The company has developed a panel of biomarkers that provide risk stratification information for ovarian cancer and the first task PrecisionMed will have is to assist with a prospective clinical trial for an ovarian tumour triage test called the ovarian PC1 biomarker.
Ciphergen is looking to get Food and Drug Administration (FDA) approval for the test as an in vitro diagnostic.
PrecisionMed has expertise in the collection and management of human biological samples and was selected to "assist in executing a high-quality, cost-effective clinical program," said Gail Page, president and CEO of Ciphergen.
Commonly known as the "silent killer," 14,000 people die from ovarian cancer each year in the US and 23,000 new cases are diagnosed, the majority with late stage disease and a very poor prognosis.
More diagnostic tests are urgently needed to accurately distinguish between benign and malignant pelvic masses and Ciphergen's new test is designed to allow patients with a pelvic mass to be either placed in a category of high risk of invasive ovarian cancer or a low risk.
The firm is also currently conducting studies to develop a test that can help predict recurrence of ovarian cancer as well as other ovarian tumour triage tests.

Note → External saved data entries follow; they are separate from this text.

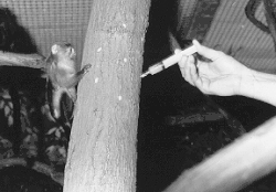 Black-tailed marmosets are diurnal and arboreal, using their claws to climb trees. Originally rain forest inhabitants, plantations have caused them to expanded them their range. They spend the night in tree hollows or in very close vegetation. They live together in small groups and mark their territory with scent glands, driving out intruders by shouting or by facial expressions, including lowered brows and guarded lips.
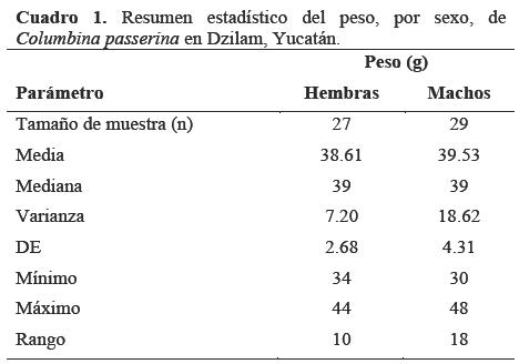 Aunque, en general, el género Columbina no presenta dimorfismo sexual muy marcado, en el caso de C.passerina es posible distinguir en campo a los adultos de ambos sexos (Howell y Webb 1995, Sibley 2000). En el caso de los ejemplares de Dzilam, no encontramos diferencias significativas entre sexos en cuanto al peso promedio, aunque los machos presentaron una mayor variación. Un aspecto sobresaliente es que el peso promedio observado en Dzilam, tanto de los machos como de las hembras, fue entre cinco y nueve gramos superior a lo reportado en la literatura para la especie en ecorregiones altamente productivas, como las selvas lluviosas antillanas, en donde se reporta un peso de entre 30 y 35 g para la especie (Howell y Webb 1995, NatureServe 2007, Weisz et al. 2007). Los pesos que observamos presentaron una muy baja dispersión y un límite de error pequeño por lo que no creemos que las diferencias de peso de la especie con lo reportado en otras regiones se deba al azar. Esto implica que la producción primaria de un sistema no necesariamente indica una abundancia de recursos para C. passerina o bien, que esté interviniendo otro factor como la competencia con otras especies.
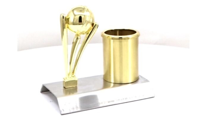 - Combines practical desk utility with trophy-style presentation
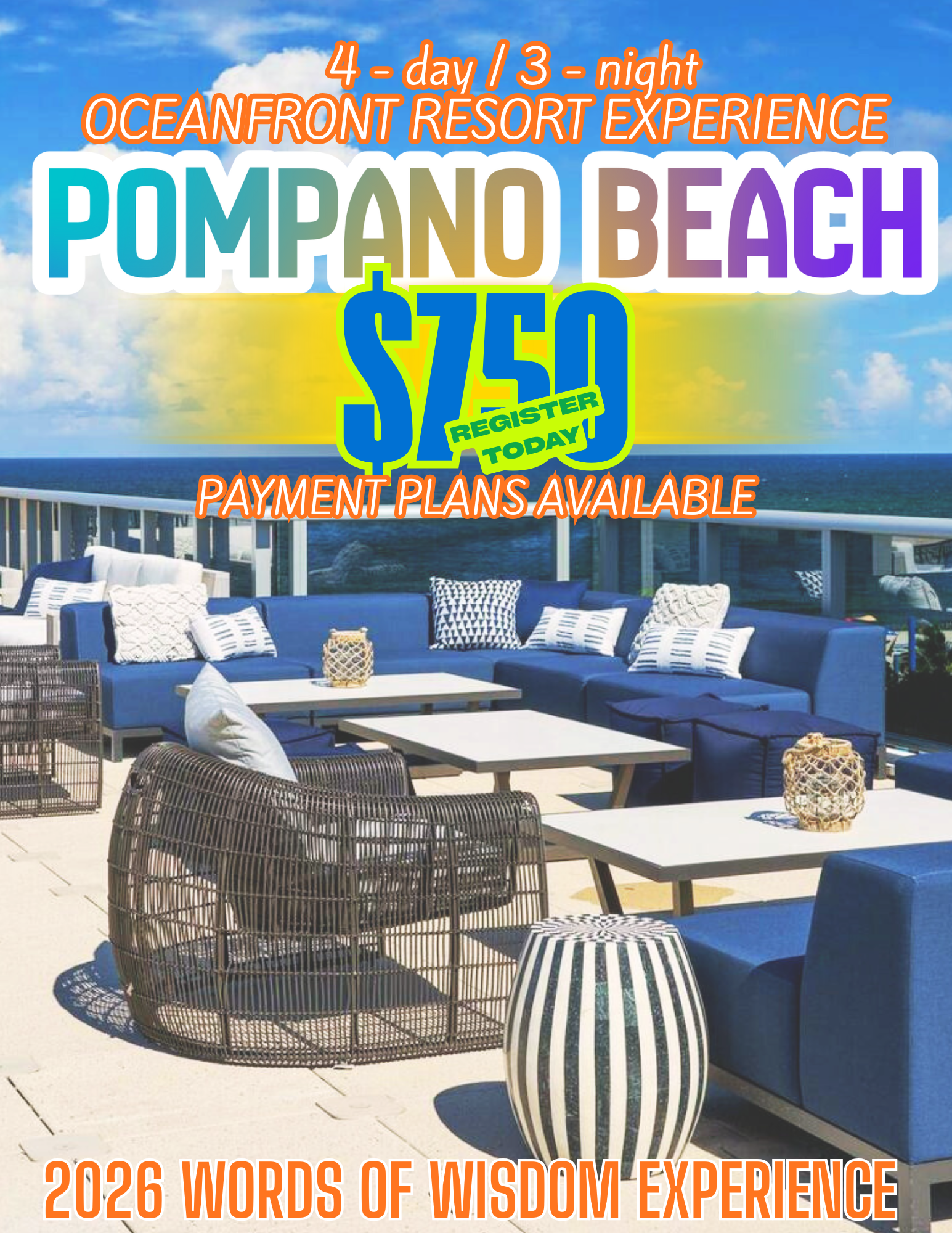 SUN — Action & Celebration Meditation & Mimosas/Mocktails (beachside) • Breakout intensives (money, wellness, boundaries, communication) • Masquerade Ball (evening)
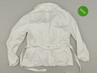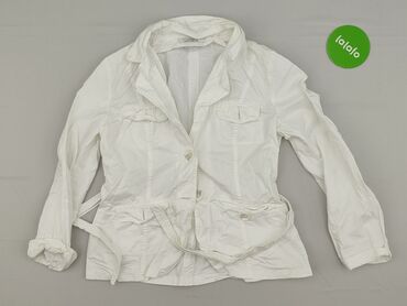 Biały damski żakiet Denni, rozmiar 44. - Klasyczny kołnierz z klapami - Zapinanie na 4 perłowe guziki z przodu - Długie rękawy z możliwością podwinięcia mankietów - Taliowany krój z modelującymi p...
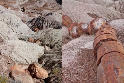 La partie sud renferme la plupart des troncs pétrifiés ainsi que des pétroglyphes amérindiens.
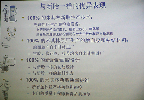 (2)100% 的米其林原厂生产的胎面胶和粘结材料;
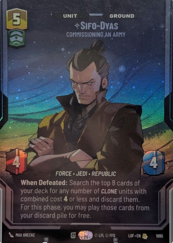 Sifo-Dyas - Commissioning An Army's Star Wars Unlimited cards are available in at least 1 sets. Sifo-Dyas - Commissioning An Army's biggest 7-day price movers are 2025 Legends of the Force #1095 Prestige Foil, 2025 Legends of the Force #1049 Prestige, and 2025 Legends of the Force #1141 Prestige Serialized /250.
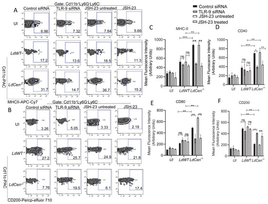 3.3. TLR-9 Silencing or Inhibition of NF-κB Transcriptional Activity Significantly Reduced the Expression of Costimulatory Molecules While Augmenting Expression of Coinhibitory Molecule in LdCen−/− Infected DCs

Ciphergen's diagnostic development program is being conducted in conjunction with The Johns Hopkins School of Medicine, The University of Texas M.D. Anderson Cancer Center, University College London, and the University of Kentucky, and the firm also has a partnership with Quest Diagnostics for the commercialisation of the ovarian tumor triage test, with the option to develop and commercialise two additional tests.